Récemment, le pays a décidé de nationaliser tous les actifs d’Esso Tchad, une ex-filiale du géant américain des hydrocarbures ExxonMobil, dont N’Djamena conteste la vente à une compagnie britannique, Savannah Energy.
Savannah Energy à l’origine de la crise
Et c’est la signature d’un accord d’achat entre le Cameroun et cette même société, Savannah Energy, qui est à l’origine du problème entre N’Djamena et Yaoundé.
“Pour gérer le pipeline, il y a deux sociétés qui ont été créées. Totco (Tchad oil transportation company) côté tchadien et Cotco (Cameroon oil transportation company) côté camerounais. Le Tchad a des actifs au sein de ces deux compagnies. Donc lorsque le rachat des actifs de Esso par Savannah côté tchadien a été remis en cause par le Tchad, Savannah est plutôt allé prendre position dans la société Cotco du côté camerounais et donc a fait comme si de rien n’était côté tchadien. Donc en contrôlant le brut à la sortie à travers Cotco, cela pose un problème fondamental pour le Tchad”, explique à la DW Gilbert Maoundonodji, qui a été coordonnateur du Groupe de recherches alternatives et de monitoring du projet pétrole Tchad-Cameroun.

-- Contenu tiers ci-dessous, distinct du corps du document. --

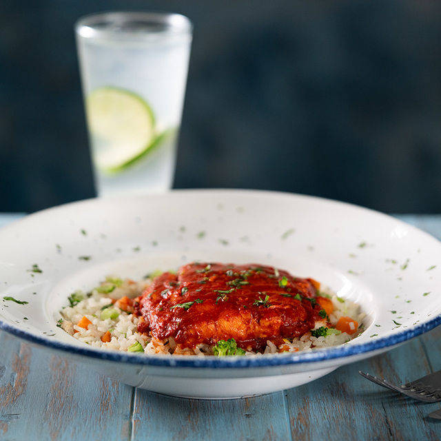 Acompañado con una guarnición de ensalada, papas y arroz.
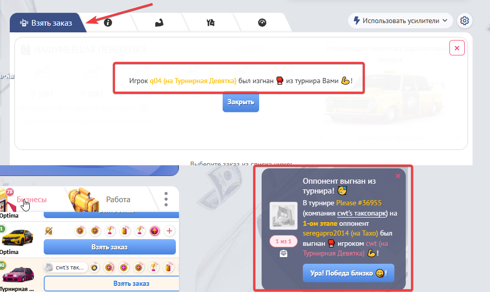 На этапе турнира, когда команды начинают зарабатывать очки для своей команды с помощью заказов, обладатель такси “Фантомас” может выбивать своих оппонентов из текущего этапа гонки, вместе со всеми заработанными очками.
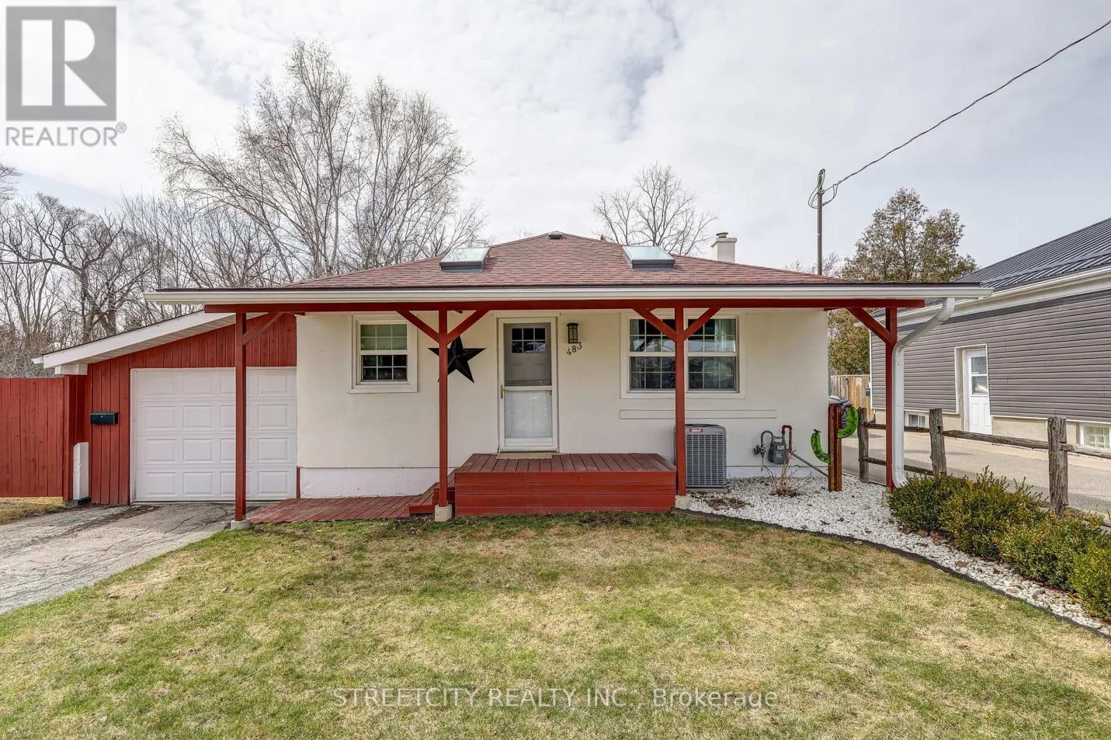 Cross Streets: Parkhurst. ** Directions: FROM DUNDAS, NORTH ON CLARKE RD, ON LEFT SIDE BEFORE PARKHURST. Welcome to 483 Clarke Road-an exceptional and rare offering where lifestyle, functionality, and opportunity come together. Where else can you find a fully updated bungalow paired with a premium workshop and private green space, all within the City of London? This beautifully maintained home features a bright, open-concept main floor with soaring vaulted ceilings, skylights, and rich hardwood flooring throughout. The modern kitchen and updated 3-piece bath offer a clean, contemporary feel, while the fully finished lower level provides incredible flexibility with a spacious den, additional bedroom area, office or storage space, and a second full 4-piece bath. All bedrooms offer floor to ceiling armoires. Step outside and discover what truly sets this property apart-designed for hobbyists, entrepreneurs, and car enthusiasts alike. A secure enclosed carport or double wide gates leads to an impressive 20x36 steel workshop featuring 19-foot ceilings, a 10-foot door, automotive lift, and full electrical service-a truly rare find in the city. Beyond this is a private backyard retreat offering ample parking, additional storage including a shed and 20ft sea-can container, and a beautifully landscaped green space complete with perennial gardens, a brick fire pit, and a covered patio perfect for relaxing or entertaining.A one-of-a-kind property delivering space, versatility, and lifestyle without leaving the city. Recent updates include new central air (2025) and roof shingles (2022) and Exterior Professionally Painted (2024). (id:27476)

Le brut tchadien provenant de l’exploitation des champs pétroliers de Doba est en effet transporté par oléoduc à travers le Cameroun, jusqu’au port de Kribi, avant d’être exporté sur les marchés internationaux.
Un règlement à l’amiable
Selon Gilbert Maoundonodji, si dans cette affaire c’est la souveraineté et la sécurité énergétique du Tchad qui est en jeu, aucun des deux pays n’a toutefois intérêt à ce que les relations se détériorent.
Un avis que partage l’éditorialiste camerounais Magloire Pépin Haman Mana qui pense que c’est certes une relation complexe mais si elle venait à se détériorer “les deux pays y perdraient énormément”.

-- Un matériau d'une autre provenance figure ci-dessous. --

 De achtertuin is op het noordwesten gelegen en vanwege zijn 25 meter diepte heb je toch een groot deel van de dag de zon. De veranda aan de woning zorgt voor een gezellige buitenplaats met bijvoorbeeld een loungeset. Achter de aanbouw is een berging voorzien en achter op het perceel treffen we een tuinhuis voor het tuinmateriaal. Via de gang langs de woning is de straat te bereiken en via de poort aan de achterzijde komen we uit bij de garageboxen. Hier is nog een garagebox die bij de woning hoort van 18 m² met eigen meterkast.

“Le Cameroun tire des royalties du transport du pétrole tchadien, ainsi que du transport de marchandises du territoire camerounais à destination du Tchad”, rappelle pour sa part Philippe Nsoa, également éditorialiste camerounais. Il estime par ailleurs que “cela devrait être une crise de courte durée”.
Selon Philippe Nsoa, des tractations devraient sans doute déjà être en cours pour un règlement à l’amiable de la crise car, en réagissant avec véhémence, les autorités tchadiennes ont sans doute voulu faire réagir au plus haut niveau le pouvoir camerounais.